Two women friends had gone for a girl's night out. 
Both were very faithful and loving wives, however 
they had gotten over-enthusiastic on the Bacardi 
Breezers. 

Incredibly drunk and walking home they needed to 
pee, so they stopped in the cemetery. 

One of them had nothing to wipe with so she thought 
she would take off her panties and use them. 

Her friend however was wearing a rather expensive 
pair of panties and did not want to ruin them. 

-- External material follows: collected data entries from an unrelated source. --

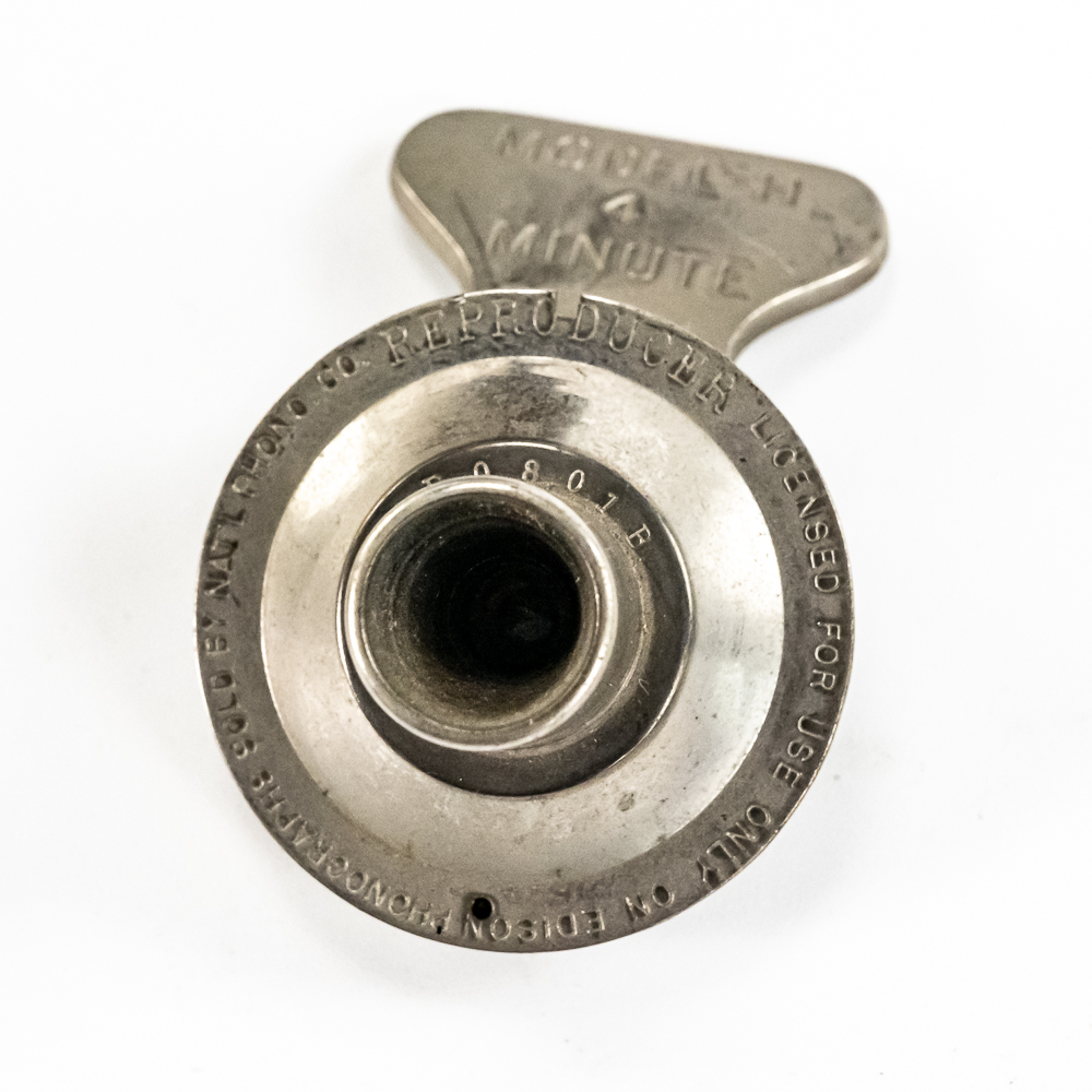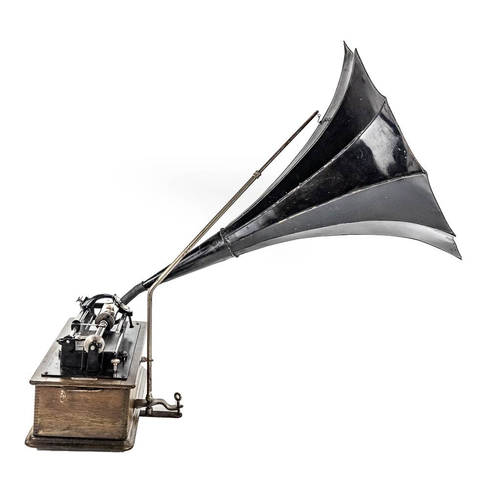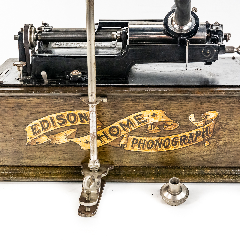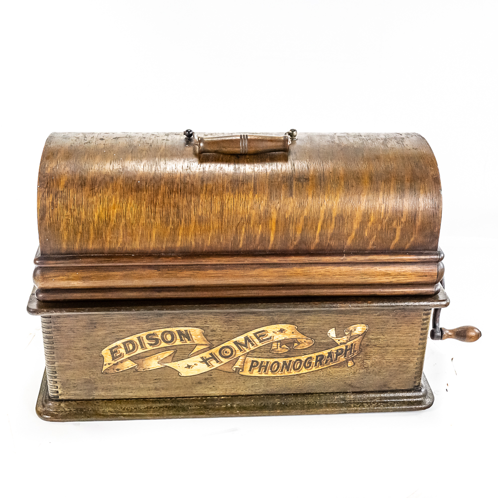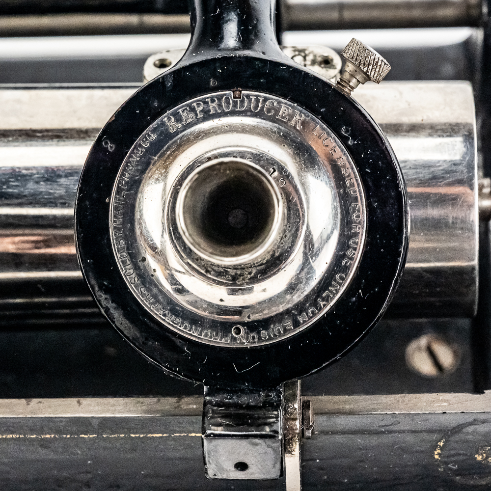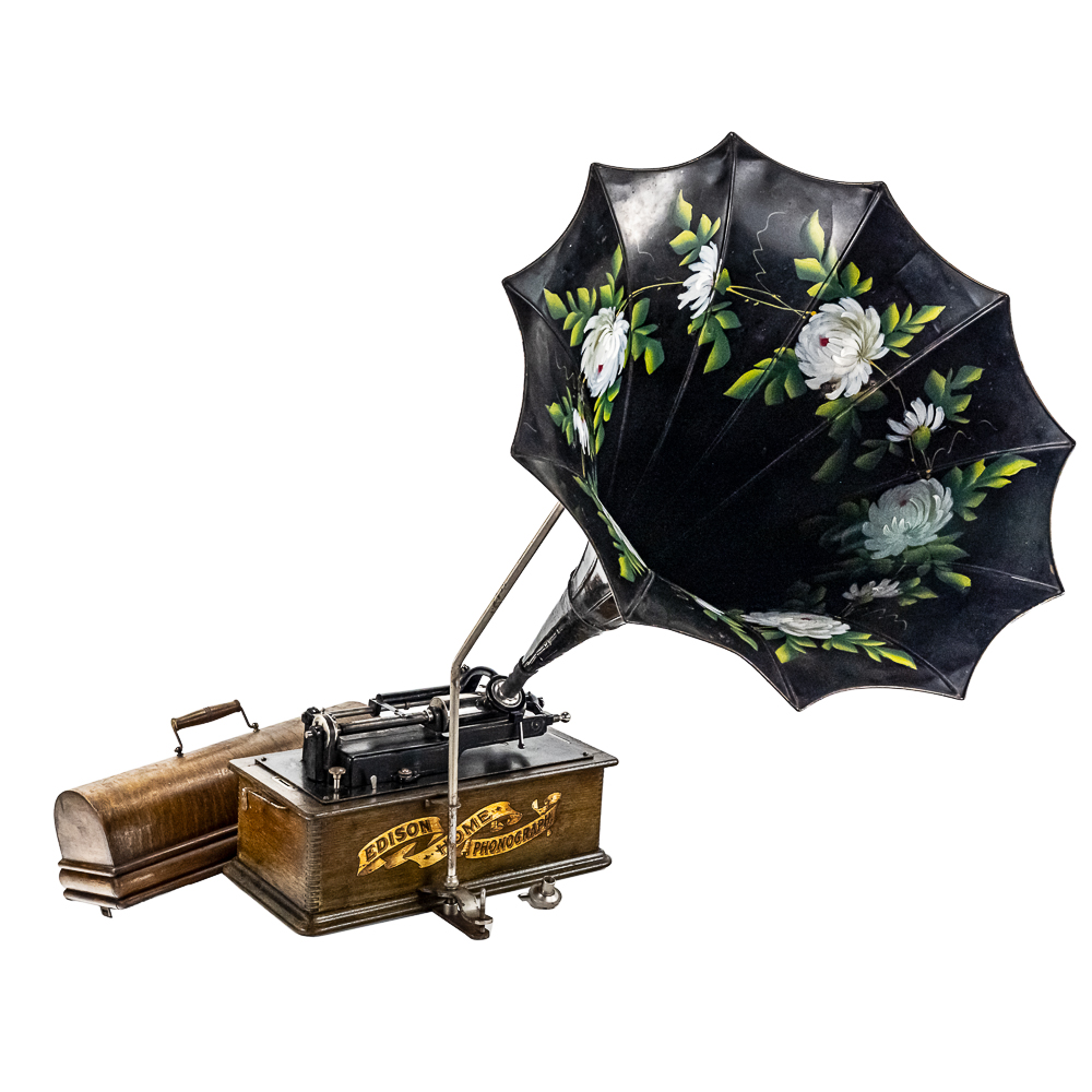 This machine in its oak cabinet and cover have their original “limed” oak finish. Both have some minor finish loss here and there and appear to have been recoated. and average in appearance. .This machine has a 2/4 minute conversion and comes with both a model C and model H reproducers both of which have good stylus’. Carriage and mandrill move freely. The upper mech and bed plate have their original black paint and pinstripes in fair condition with the usual wear. Has its original slotted cast iron winding crank which is damaged at the slotted end however still useable. The motor winds and runs. Also included is an unusual original horn support which has its original nickel plating with some peeling and rust in fair condition. Also included is an after market 32″ L 11 panel hand painted steel horn which is 22″ at the large end. The inside of the horn is hand painted with a floral design depicting white peonies with green leaves. The inside of the horn with the paintings is in good condition however the outside of the horn appears to have been clear coated with evidence of a sloppy repair towards the small end of the horn where the panels join to the tapered cone. See photos. Cabinet and cover measure 18″ X 8-1/2″ X 12″ T.
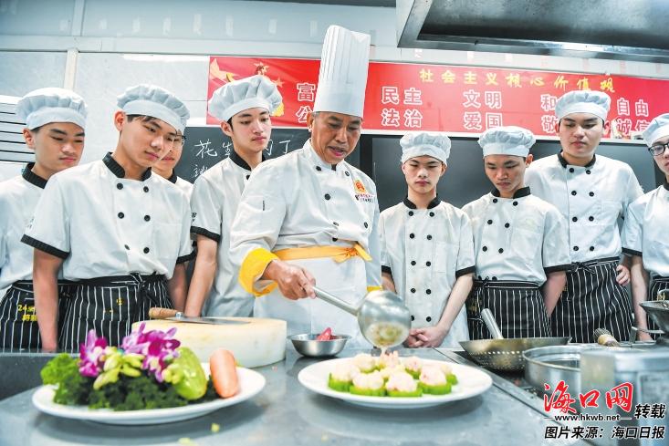 碧绿牡丹虾、花生炒肉丁……在位于海口技师学院的省级技能大师周惟信工作室,通过现场实践教学方式,为学生们上了一堂生动的烹饪课。“希望能发挥个人专长,带动烹饪人才队伍建设,为海口旅游业提供坚实的人才支撑。”周惟信说。
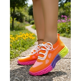 röda flyknit damsneakers med grov sula – andningsbara snörskor för avslappnad streetwear och gymträning
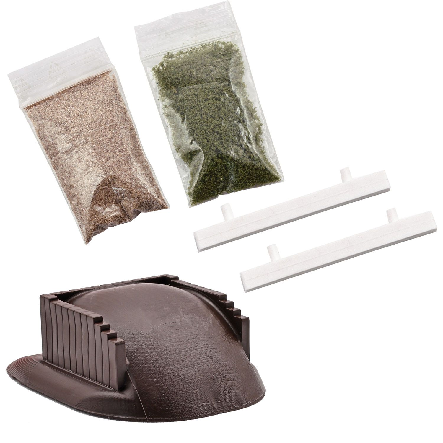 Bausatz für 2 Prellböcke in ländlicher Ausführung. <br>Mit 2 Kastenprellböcken, 2 Querhölzern, Sand- und Flockmaterial. Geeignet für TT-Gleise ohne Bettung.
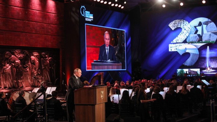 Зеленский, президент Украины, где евреев в годы войны уничтожали при оккупации так же безжалостно, как и в Прибалтике и тоже во многом руками местных карателей, приехал, но лучше бы этого и не делал. Он в последний момент отказался от участия во Всемирном форуме "Сохраним память о Холокосте, боремся с антисемитизмом". Вся украинская делегация во главе с Зеленским сдала свои билеты на него, так как их, дескать, не хватило для всех желающих.

She was lucky enough to squat down next to a grave 
that had a wreath with a ribbon on it, so she 
proceeded to wipe with that. 

After the girls did their business they proceeded to 
go home. 

The next day one of the woman's husband was concerned 
that his normally sweet and innocent wife was still in 
bed hung over, so he phoned the other husband and sai d: 
'These girl nightsout have got to stop! I'm starting to suspect the worst. .. my wife came home with no panties!!' 

'That's nothing' said the other husband, 
'Mine came back with a card stuck to her butt that 
said..... 

*'From all of us at the Fire Station. *
*We'll never forget you.''*


----------



## richtee (Aug 2, 2008)

Hehehehe....


----------



## travcoman45 (Aug 2, 2008)




----------



## coyote (Aug 3, 2008)

Blaaahaahaaaha!!


----------



## toddb (Aug 3, 2008)

Now that's comedy!!!!


----------



## bb53chevpro (Aug 3, 2008)

Yup, thats a good one.


----------



## blacklab (Aug 3, 2008)

lol thats funny


----------



## meat-man (Aug 6, 2008)

thats great


----------